T1D is a T-cell-mediated autoimmune disease that develops in genetically susceptible individuals and affects their endocrine pancreas. There are some mechanisms by which epigenetics may play an important role in T1D by modulating lymphocyte maturation and cytokine gene expression and by differentiation of subtype T helper cells ruled by epigenetic controls. In this autoimmune disease, in contrast to SLE and RA, there is a global hypermethylation activity caused by altered metabolism of homocysteine [109].

Glucose and insulin levels are determinants of methylation [32]. They alter homocysteine metabolism by increasing cell homocysteine production through its inhibition of trans-sulfuration [110, 111]. When there is an increase in the levels of homocysteine, methionine in cells will be catalyzed by DNMTs in S-adenosylmethionine. This will enhance DNMT activity that will subsequently lead to increased global DNA methylation.
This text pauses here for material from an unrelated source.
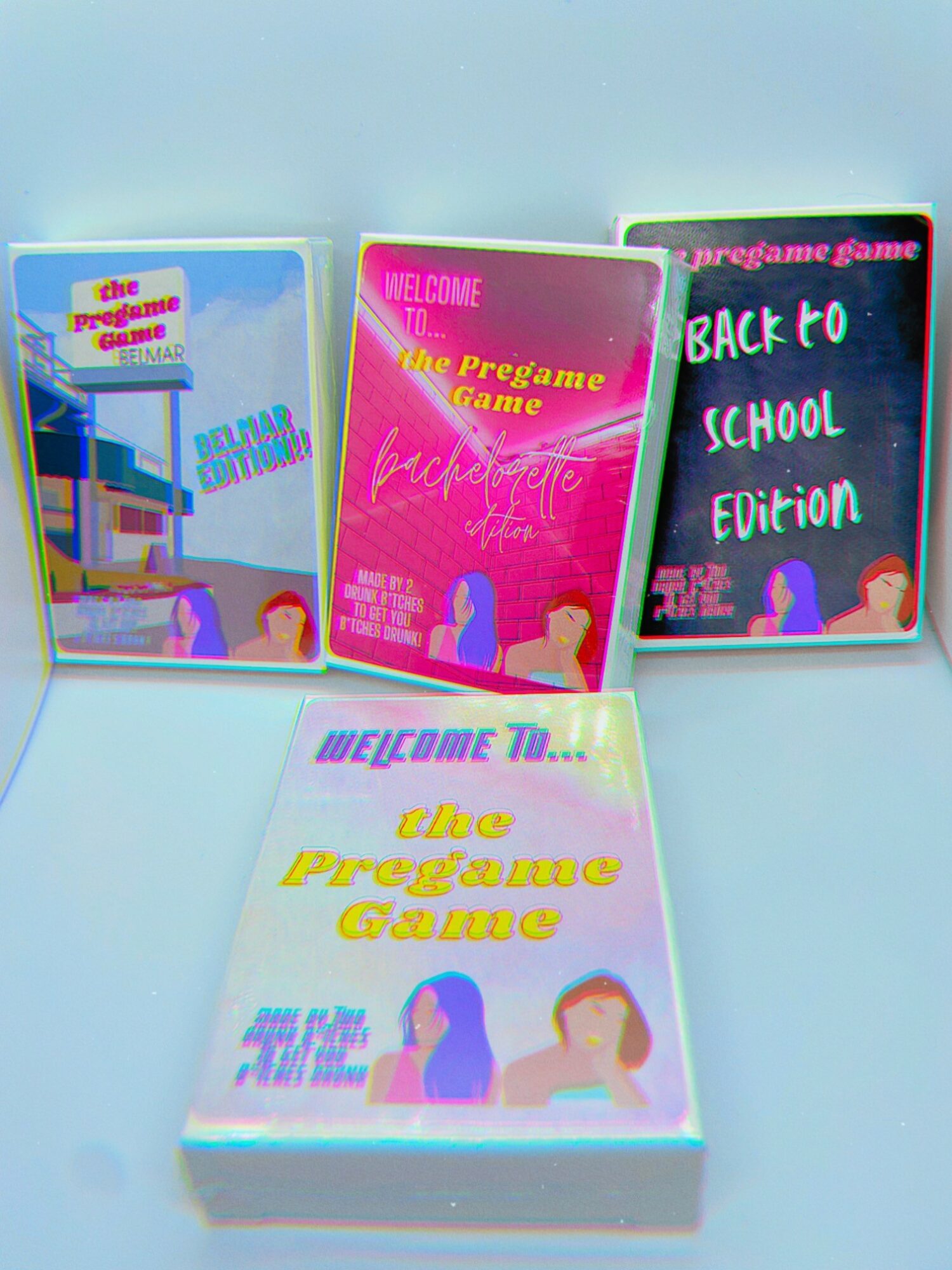 We started the Pregame Games in February 2021. Both of us had shore houses in Belmar, NJ the summer of 2020 during Covid. We spent most of our time down there and played every drinking game over and over again. Ileana wanted to make her own game and Sarah also agreed she did so we started building a deck just for the two of us.

Also, an increase in maternal homocysteine during pregnancy as a result of a low protein diet can produce an altered methionine metabolism that will cause a decrease in islet mass and vascularity in the fetus with a subsequent glucose intolerance in adult life [112, 113].

3.1.4. Multiple Sclerosis (MS)

MS is a chronic inflammatory disease characterized by myelin destruction followed by a progressive degree of neurodegeneration. Recent studies have shown that the promoter region of peptidyl arginine deiminase type II (PAD2) is hypomethylated [33]. PAD2 plays a key role in the citrullination process of myelin basic protein (MBP). This citrullination process has important biologic effects. It promotes protein autocleavage, which increases the probability of creating new epitopes and also modulates the immune response. In MS, an increase has been found in demethylase enzyme activity, which will cause hypomethylation of the PAD2 promoter region [114]. Because of this hypomethylation, there will be an overexpression of PAD2 that will increase the MBP citrullination process with a subsequent increase in the production of immunodominant peptides. These peptides will increase the autocleavage of MBP thereby causing irreversible changes in its biological properties, which will produce proteolytic digestion, myelin instability, and a chronic inflammation response [115–117].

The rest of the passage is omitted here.